Между колоннами транспортов, пользуясь тем, что видимость прояснилась, рыскали по-хозяйски, на полных ходах тральщики и миноносцы эскорта, будто хотели воочию убедиться, что все в подопечном караване в порядке, суда невредимы и целы, имеют ход и держат место в строю.
— Все-таки отличные моряки на судах! — заметил с восторгом Лухманов. — Трое суток в тумане, а вышли из него как по ниточке, не нарушив походного ордера. Экстра-класс!
— Хочешь и себя похвалить? — поддел его Птахов.
— А и мы не хуже других! — весело отпарировал капитан. — Лопухом оказался только американец, севший на камни у Акранеса.
— Что такое есть «лопухом»? — сразу же оживился Митчелл и достал записную книжку.
— Который ушами хлопает, — пояснил охотно Лухманов. — А в море это вредит здоровью.
— О, понял! — рассмеялся англичанин. — Американцы часто хлопают уши!
Митчелл оставался верен себе и не упускал случая высказать свое отношение к американцам.
Конвой снова втягивался во влажную мглу, но теперь это не огорчало: знали, что ненадолго, что впереди ожидали новые чистые плесы, с каждым разом все шире, и туман, по всем приметам, должен был вскоре кончиться вовсе.

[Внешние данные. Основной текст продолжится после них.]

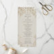 Geprägtes Barock-Elfenbein-Hochzeitsprogramm. Feiern Sie Ihren besonderen Tag mit diesem eleganten Hochzeitsprogramm, das mit einem zarten cremefarbenen floralen fauxgeprägten Design versehen ist. Dieses Programm enthält wunderschön die Reihenfolge Ihrer Zeremonie, vom Vorspiel bis zum Auszug, und würdigt Ihre wichtigen Lieben, die an der Feier teilhaben. Sein anspruchsvolles Design bietet ein zeitloses Andenken für Sie und Ihre Gäste. Stellen Sie sicher, dass Ihr Hochzeitstag perfekt dokumentiert wird, mit diesem schicken und klassischen Programm, das darauf ausgelegt ist, jedes elegante Hochzeitsthema mit der neutralen Elfenbeinfarbe zu ergänzen.

Да и небо, угрюмое до того, разжижилось, посветлело — сквозь него угадывалось мутное солнце, от которого отвыкли в минувшие трое суток. Правда, ясное небо таило в себе и опасности — о них не думалось, пока шли в тумане. Сейчас же, едва прояснилось и «Кузбасс» выходил на свет, словно рождался из мороси, все на палубах теплохода задирали головы кверху: нет ли самолетов? Но делали это с прибаутками, весело, с любопытством, а не с тревогой, и стармех Синицын, наблюдая резвое настроение молодежи, осуждающе и сердито, по-стариковски ворчал:
— Ишь нашли с чем шутки шутить! Начнут кружлять самолеты — быстро забудешь, где пуговицы на штанах…
— А ты, Ермолаич, суеверный, оказывается, — усмехнулся Савва Иванович. — Может, и в судьбу-индейку веруешь?
— Верить не верую, а в кошки-мышки с ней не играю… Поплаваешь с мое — уразумеешь. Кто в море не бывал — тот и богу не маливался, слыхал? Это на берегу грехи прощают да списывают, а в море они, окажись чего, камнем на шею. Судьба, как и служба, любит порядок и уважительность, так что уж лучше ее не испытывать и от греха держаться подальше.
— Серьезная философия.
— Мне философствовать некогда, — насупился старший механик, уловив иронию в голосе Саввы Ивановича. — Мне надо, чтобы дизель работал. Заглохнет — тогда, помполит, и твои молитвы нам не помогут.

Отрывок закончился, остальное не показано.